/n5-zarr

Zarr filesystem backend for N5

Primary LanguageJavaBSD 2-Clause "Simplified" LicenseBSD-2-Clause

n5-zarr Build Status

Zarr filesystem backend for N5.

This library provides best effort compatibility with existing Zarr v2 data stored in filesystem containers. So far, I have tested

  • self-consistency, i.e. data writing and reading in this implementation works,
  • reading of some example zarr containers written with Python (check the examples)

Build instructions

Blosc compressors depend on n5-blosc which depends on libblosc1, On Ubuntu 18.04 or later, install with:

sudo apt-get install -y libblosc1

On other platforms, please check the installation instructions for JBlosc.

Build and install:

mvn clean install

This also works without Blosc compression if not available.

Supported Zarr features

This implementation currently supports the following Zarr features

Groups
as described by the Zarr v2 spec for hierarchies.
N-dimensional arrays in C and F order
for efficiency, both array types are opened without changing the order of elements in memory, only the chunk order and shape are adjusted such that chunks form the correct transposed tensor.

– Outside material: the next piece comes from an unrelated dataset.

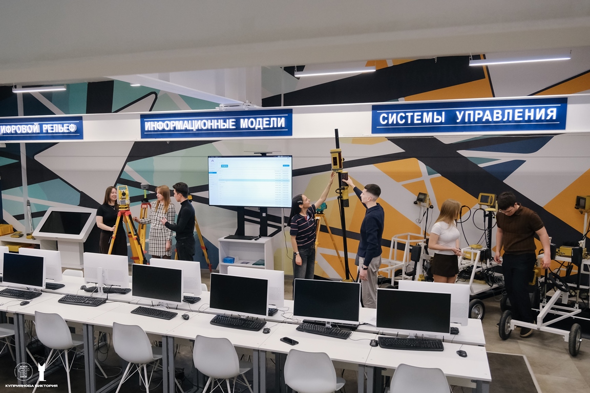 1-ая площадка – «Цифровой рельеф», здесь студенты и слушатели учатся работе с исходными данными до начала проектирования на геодезических приборах и специализированном ПО (Кредо, Робур, Индор);
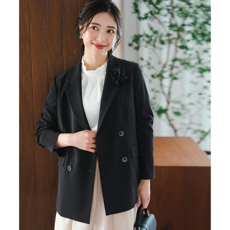 ・セレモニーダブルクロスシリーズで初のW前ジャケット・オケージョンに無理なく取り入れられるデザイン・きちんと感がありつつ、自然なトレンド感をプラス・おしりが隠れる着丈で気になる部分をカバー・ほどよいゆとりがありつつも吸いつくような着心地・ほんのりシェイプされた女性らしいシルエット・アクセントになる上品な金縁ボタン

When used via n5-imglib2, a view with permuted axes can be easily created.
Arbitrary meta-data
stored as JSON for both groups and datasets.
Compression
currently, only the most relevant compression schemes (Zstandard, Blosc, GZip, Zlib, and BZ2) are supported, we can add others later as necessary.
Primitive types as little and big endian
so far, I have tested unsigned and signed integers with 1, 2, 4 and 8 bytes, and floats with 4 and 8 bytes. The behavior for other types is untested because I did not have meaningful examples. Complex numbers should be mapped into the best matching primitive real type. Other numpy data types such as strings, timedeltas, objects, dates, or others should come out as uncompressed bytes.

Fill value behavior is not well tested because I had no good idea what the best solution is. They are currently interpreted as numbers (if possible) including the special cases "NaN", "Infinity", and "-Infinity" for floating point numbers. Some hickups expected for other data.

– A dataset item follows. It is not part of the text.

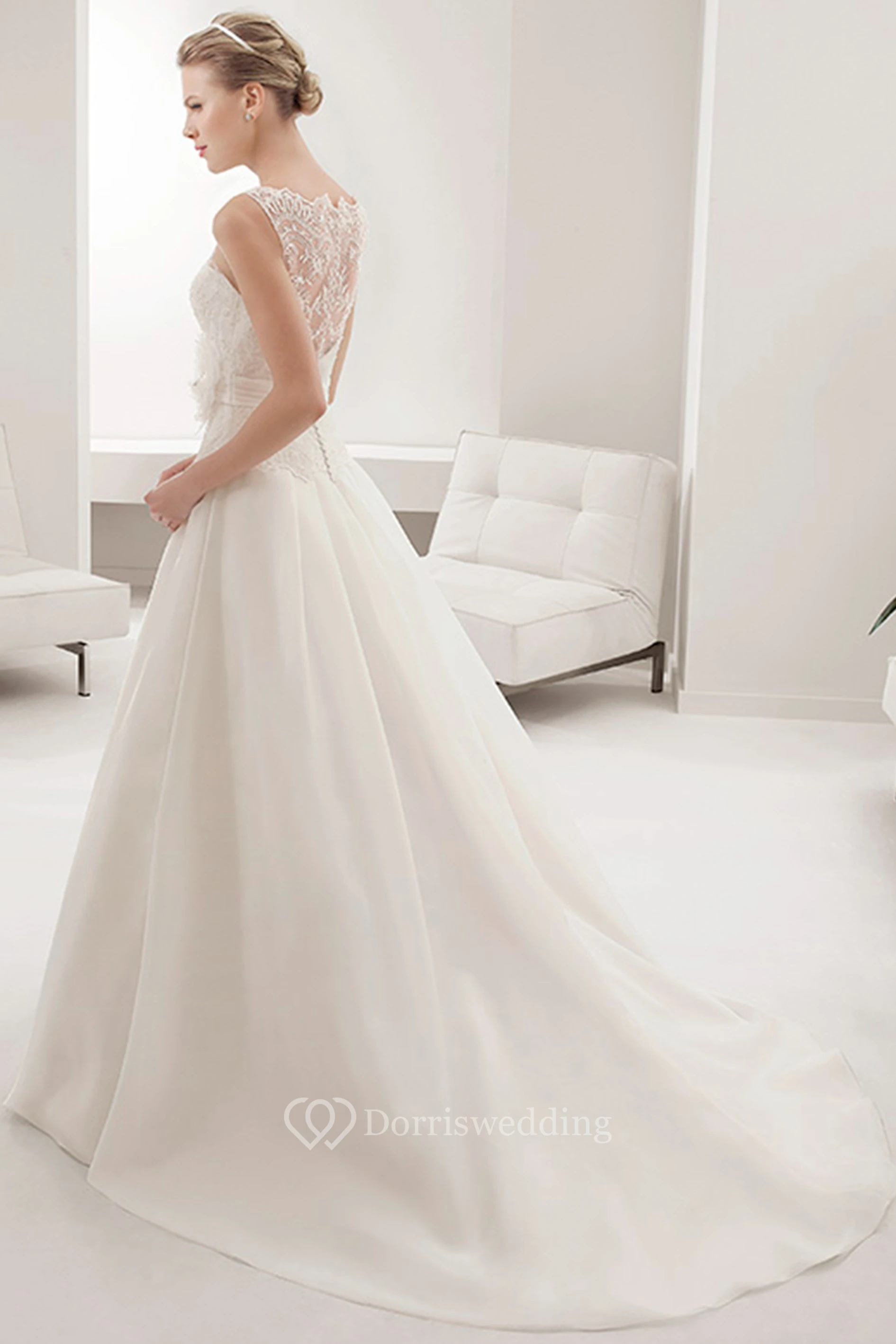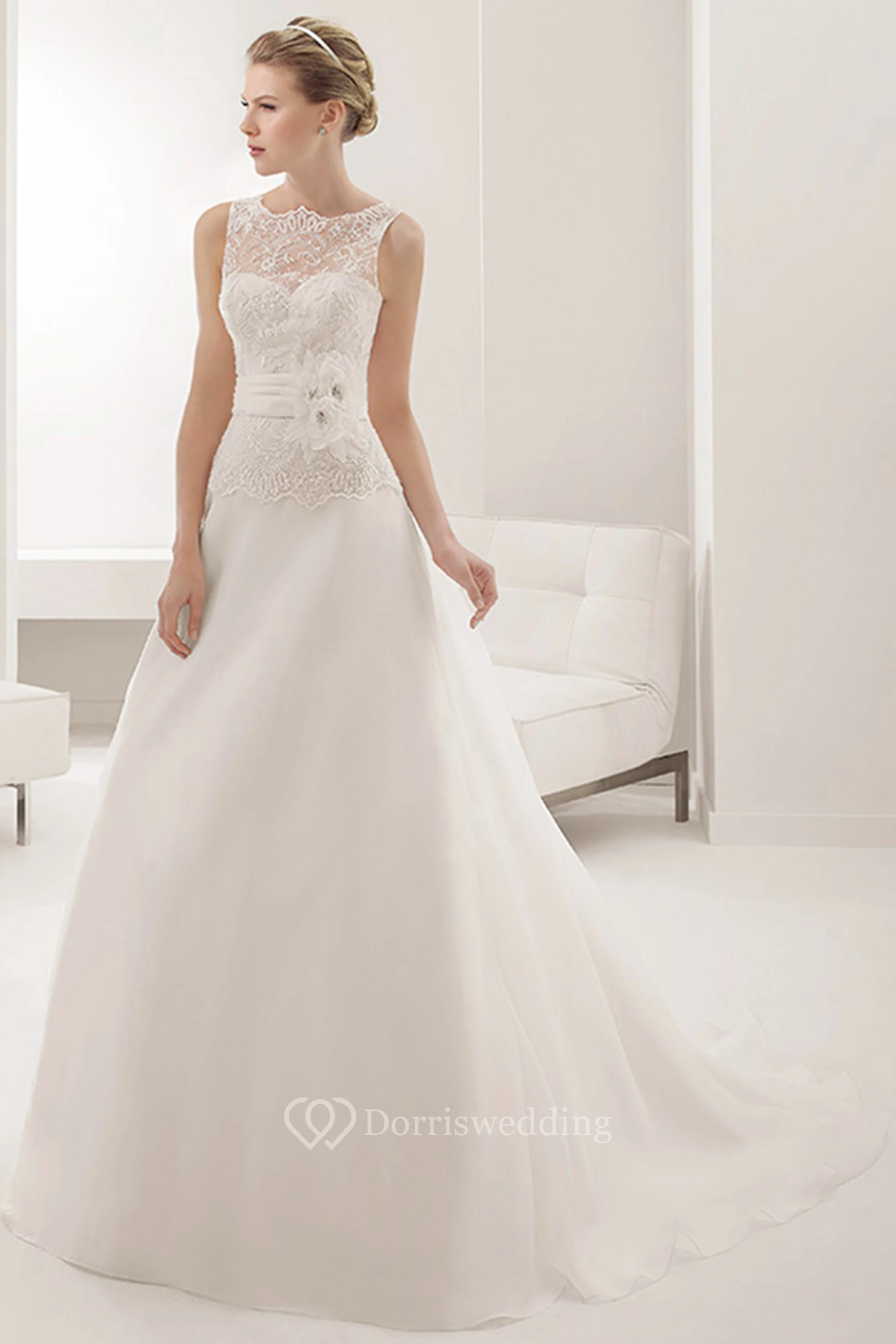 Sleeveless Illusion Neck A-line Wedding Gown With Waist Flower

Filters are not currently supported because I feel ambiguous about them. Please let me know of use cases that I am missing, it is not hard to add data filters of any kind. I just cannot come up with a single thing that I would like to do here right now.

N5 gimmicks

Optionally, N5 dataset attributes ("dimensions", "blockSize", "compression", "dataType") can be virtually mapped such that N5-API based code that reads or writes them directly via general attribute access will see and modify the corresponding zarray (dataset) attributes. Keep in mind that this will lead to name clashes if a Zarr dataset uses any of these attributes for other purposes, try switching the mapping off first if that is an issue.

Examples

TODO add code examples. For now, have a look at the tests.